Researchers in Spain trace relapse-related mutations in adult T cell acute lymphoblastic leukemia (T-ALL). Using whole-genome sequence data on primary and relapsed tumor samples from 19 T-ALL cases, the team analyzed somatic mutation patterns in those tumors and in available genome or exome sequences from more than 200 pediatric or young adults with ALL, retracing tumor drivers and dynamics that lead to relapsed forms of T-ALL. "All results show that, in the T-ALL patients of this cohort, the relapse is driven by genetic mutations that appear in the population of blasts several months before diagnosis, giving rise to a resistant subclone of up to several million cells at the beginning of treatment," the authors report. "Upon treatment … this subclone comes to dominate the T-ALL population at relapse."
A Sun Yat-sen University-led team presents a single-cell transcriptome-based cell atlas spanning more than a dozen adult human tissue types. The researchers did single-cell RNA sequencing on nearly 84,400 individual cells from 15 tissue types and more than 250 cell subtypes, originating from a single adult donor, focusing on gene expression and features in these cells, along with potential cell markers, functional insights, and more. "The resulting high-resolution adult human cell atlas (AHCA) provides a global view of various cell populations and connections in the human body," they write, "and is also a useful resource to investigate the biology of normal human cells and the development of diseases affecting different organs."

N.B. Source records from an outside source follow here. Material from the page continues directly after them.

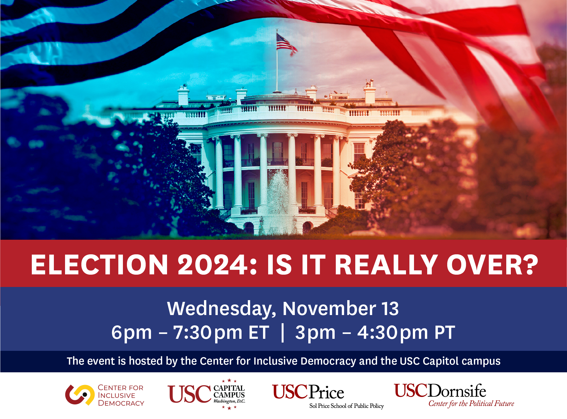 On November 13, the Center for Inclusive Democracy and the USC Capital Campus held the first event in our two-part post-election series: “Election 2024: What Just Happened?” This panel, entitled “Election 2024: Is it Really Over?” will feature a conversation on who voted, how accurate the polls were, how officials managed the election, and the challenges ahead for U.S. democracy.
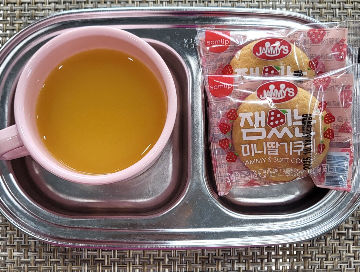 점 심 ~ 보리쌀밥, 호박두부된장국, 새우살버섯볶음, 연두부*양념장, 짜요짜요(딸기), 배추김치
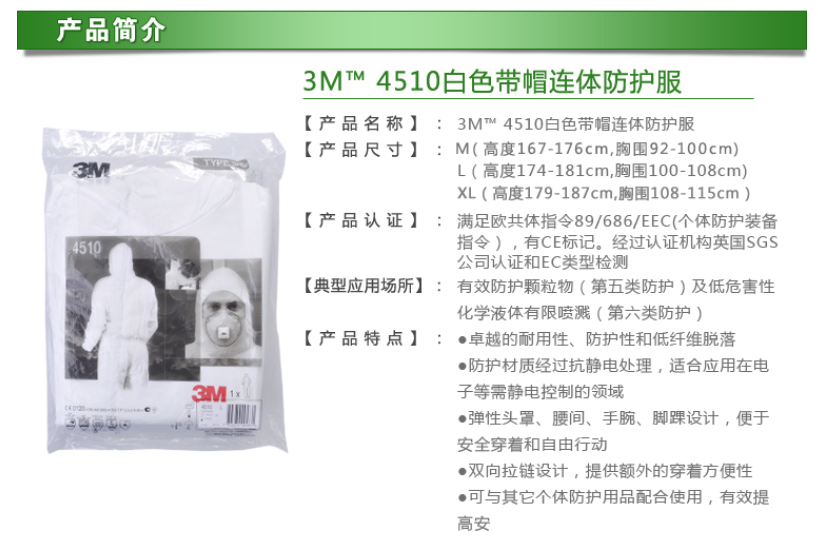 產(chǎn)品名稱:3M 4510白色帶帽連體防護(hù)服M
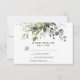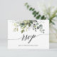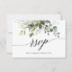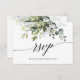 Modern Elegant för kalligrafi Skriptformat Vattenfärg Botaniskt grönt Bröllop OSA-kort omfattar eukalyptus löv, grönt botaniskt löv, dammiga blå löv och andra vackra botaniska grejer.
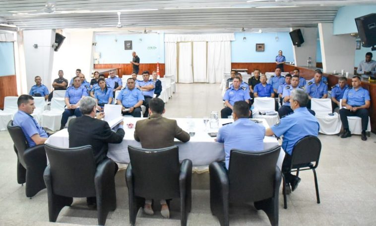 En la mañana del miércoles, el Ministro de Justicia, Seguridad y Derechos Humanos, Miguel Zárate se reunió con los Jefes de las Regionales de la Provincia y las 9 comisarías de nuestra Capital para analizar la situación en cada una de las jurisdicciones, con el objetivo de seguir trabajando en la protección, cuidado de las personas y sus bienes.
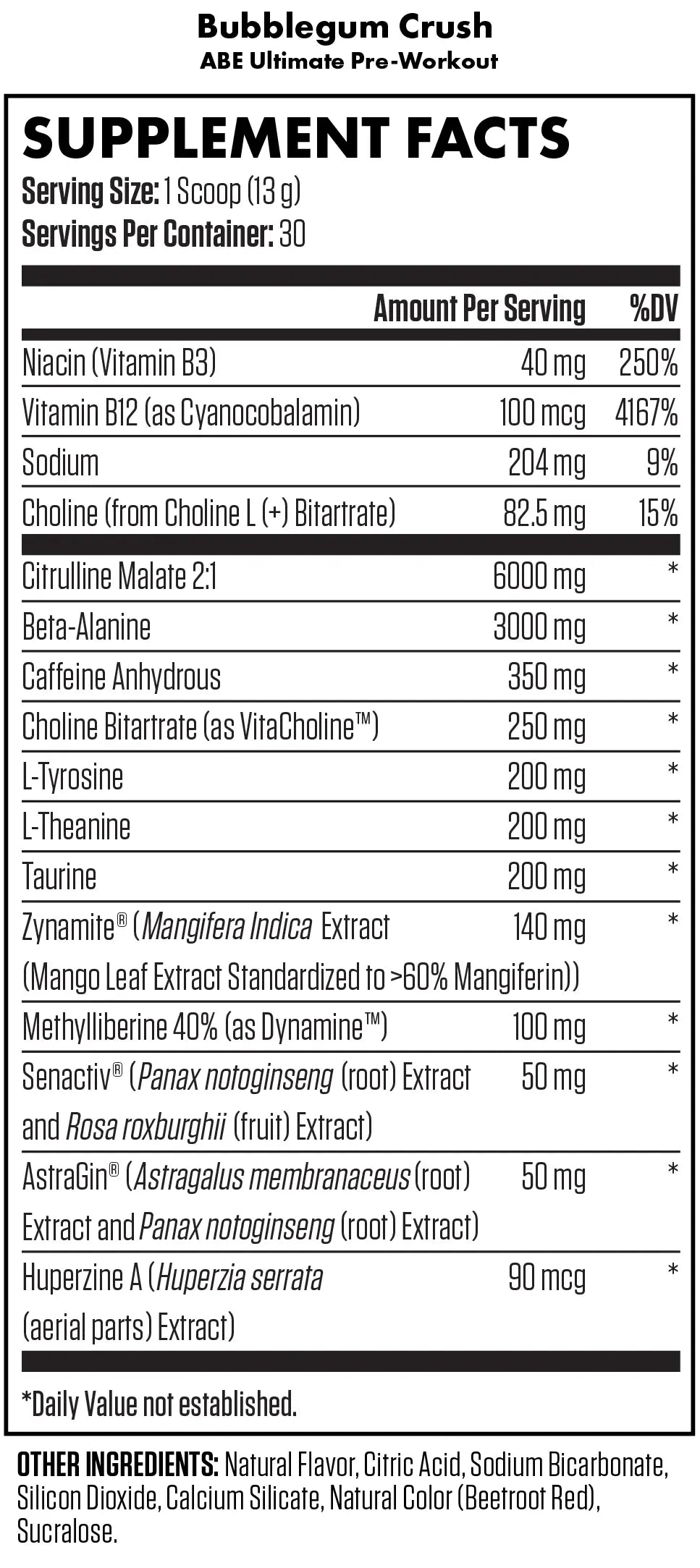 ABE Ultimate Pre-Workout contains 350mg of total caffeine per serving.
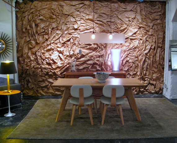 Koolhaus sold fabulous furniture and accessories but better yet . . . they had brilliant display ideas, like this craft paper wall covering. With the right lighting and deep wrinkles, this crumbled paper becomes the most dramatic accent wall.
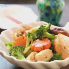 Phi thơm tỏi băm với 2 muỗng canh dầu ăn thì cho cà rốt vào xào. Khi cà rốt mềm, thì cho sò điệp vào xào cho đến khi sò điệp chín thì cho nấm đông cô vào, sau cùng cho bông cải xanh. Xào thêm 3-5 phút, thì nêm 1 muỗng cà phê hạt nêm, 1 muỗng cà phê bột ngọt, đảo đều cho thấm gia vị rồi tắt bếp.
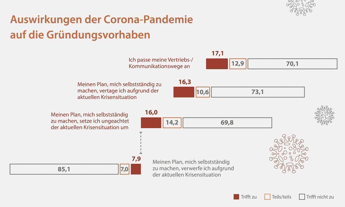 Das Institut für Mittelstandsforschung (IfM) Bonn hat 2020 noch einmal 559 Forschende an 73 deutschen Hochschulen nach ihrer Gründungsneigung befragt und die Ergebnisse in einem Chartbook zusammengefasst: „Der Gründungserfolg von Wissenschaftlerinnen und Wissenschaftlern in der Corona-Pandemie“. Die Auswertung von Dr. Teita Bijedić zeigt, dass etwa jeder dritte Gründungsinteressierte in der Pandemie neue Chancen für sich sieht. Diese Gruppe plant sogar häufiger eine Gründung im Haupterwerb. Allerdings wirkt die Corona-Krise zugleich auch als negativer Gründungstreiber: Ebenfalls jeder dritte Befragte macht sich angesichts der ungewissen Arbeitssituation Gedanken über eine Selbstständigkeit – diese Gruppe ist eher vorsichtig und tendiert zum Nebenerwerb.
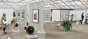 Stora växthuset rymmer vårt ljusa och rymliga galleri som enkelt kan anpassas till olika konstutställningar.
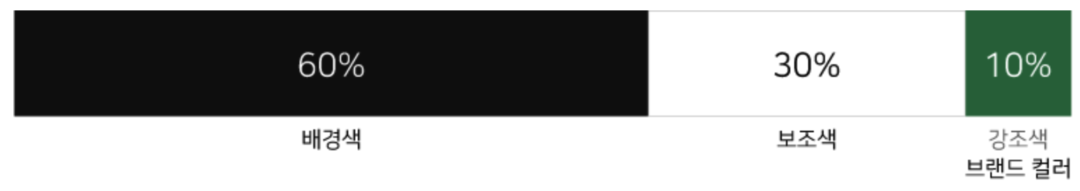 주로 권장하는 색상 비율은 6:3:1이지만 서비스의 성격이나 컨셉에 따라 여러 테스트 후 적절한 비율을 찾아야 합니다.
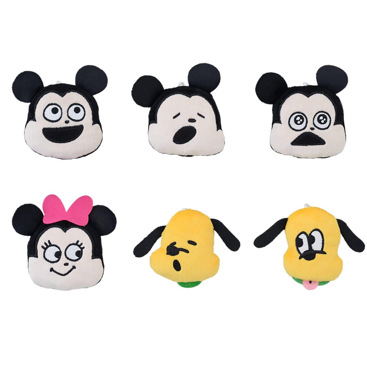 ”うるうる目”や”目閉じ”など表情違いの「ミッキーマウス」や「プルート」に「ミニーマウス」を加えた6種がラインナップ。
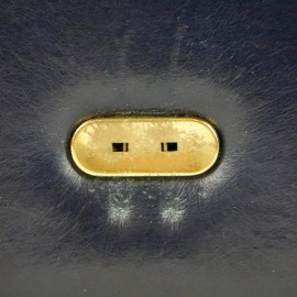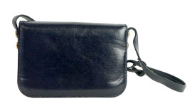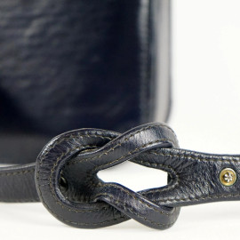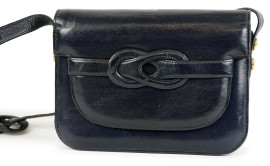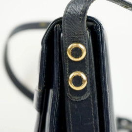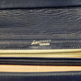 Laurence Torino, borsa a tracolla blu, interno a vari scomparti, finiture in metallo dorato, cm 18x23x5, lunghezza tracolla cm 38, (segni di utilizzo).
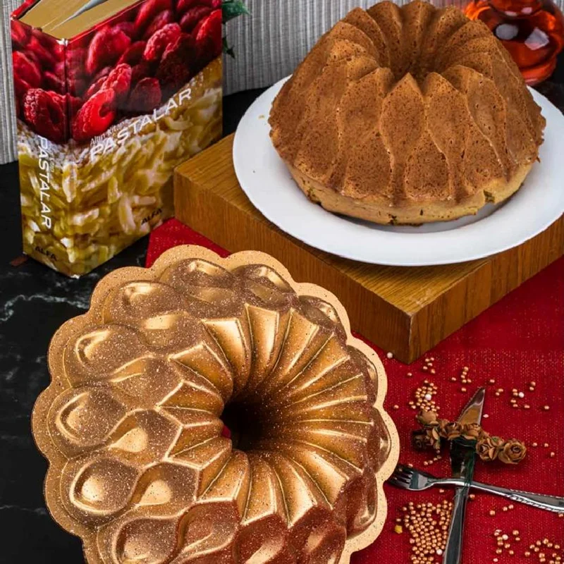 Taç Damla Granit Döküm Kek Kalıbı Gold
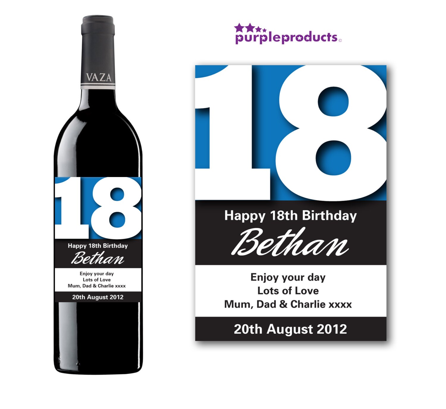 A Fun 18th birthday Personalised Wine Bottle Label This cool wine bottle label can be personalised to reflect the big occasion. Simply add the name, date and any personal details or message to transform a plain wine bottle into a great and fun gift for the big eighteenth birthday celebration. With a big '18' this design reflects the momentous age when the boy or girl becomes a man or woman.
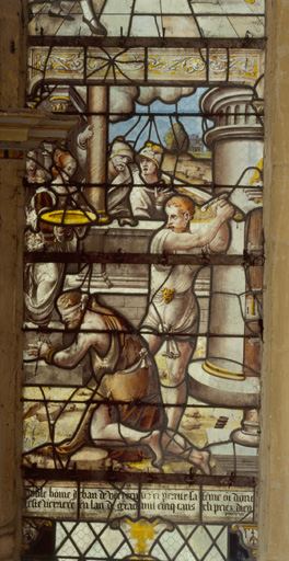Lancette à double amortissement (2 registres), tympan à 1 soufflet et écoinçons.£Scènes peintes en grisaille sur verre, jaune d'argent et sanguine sur verre à l'exception du ciel (bleu) ; étoiles montées en chef-d'oeuvre dans l'écu de droite
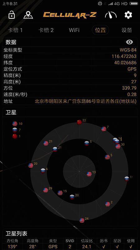 3. 掌握当前位置信息、GPS卫星地图和NMEA日志。
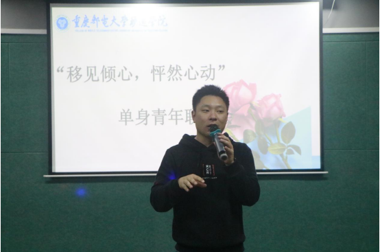 本次旅行的第二个站点——爱的谏言由思政学院姚黎华老师分享他的故事。他讲到,单身青年联谊会是他与他的妻子故事的起点,姚老师向大家分享了他们相遇相识相知相爱的动人故事,带所有人走进人生中最幸福的旅程。因为联谊会提供的宝贵机会,让他无比珍惜现在,放眼未来。同时姚老师也对在场所以嘉宾表达了自己的期待与祝福,希望他们找到自己心目中的另一半,将移通成为爱的起点,携手走向人生的旅程。
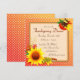 Elegant harvest invitation with sunflowers, wheat, acorns, leaves, mushrooms, berries, and a bird. Set in a white polkadot on orange background.
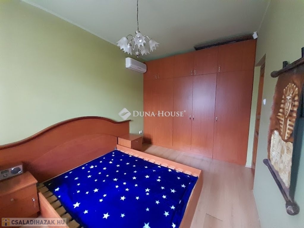 A tégla szerkezetű szigetelt családi ház 2004-ben épült egy összközműves 1265 nm-es telken. A gondos tervezésnek köszönhetően mindkét lakrész a mai kor elvárásainak megfelelő kialakítást kapott. Az ingatlan rendszeresen karbantartott, belső terei 2018-ban, a külső homlokzati falak és faszerkezetek 2023-ban újultak meg. A családi ház fűtéséről gázkazán gondoskodik, padlófűtéses és radiátoros hőleadással valamint egy épített csempekályha nyújt hangulatos meleget a téli estéken. Az ingatlan hűtését több korszerű hűtő-fűtő klímaberendezés garantálja, melyek működéséhez az áramellátást a 9 KW-os napelemrendszer bőven biztosítja. A családi ház biztonságáról riasztórendszer gondoskodik.

Finally, investigators from the University of Chicago, Yale University, and elsewhere outline an analytical strategy for dealing with high-throughput, targeted sequence data generated with an approach called "self-transcribing active regulatory region sequencing" (STARR-seq) to tally enhancer activity across the genome. The STARRPeaker algorithm "statistically models the basal level of transcription, accounting for potential confounding factors," the team writes, "and accurately identifies reproducible enhancers." In their proof-of-principle analyses on STARR-seq datasets generated on two human cell lines, for example, the authors found that STARRPeaker appeared to compare favorably to other STARR-seq peak processing software such as BasicSTARRseq.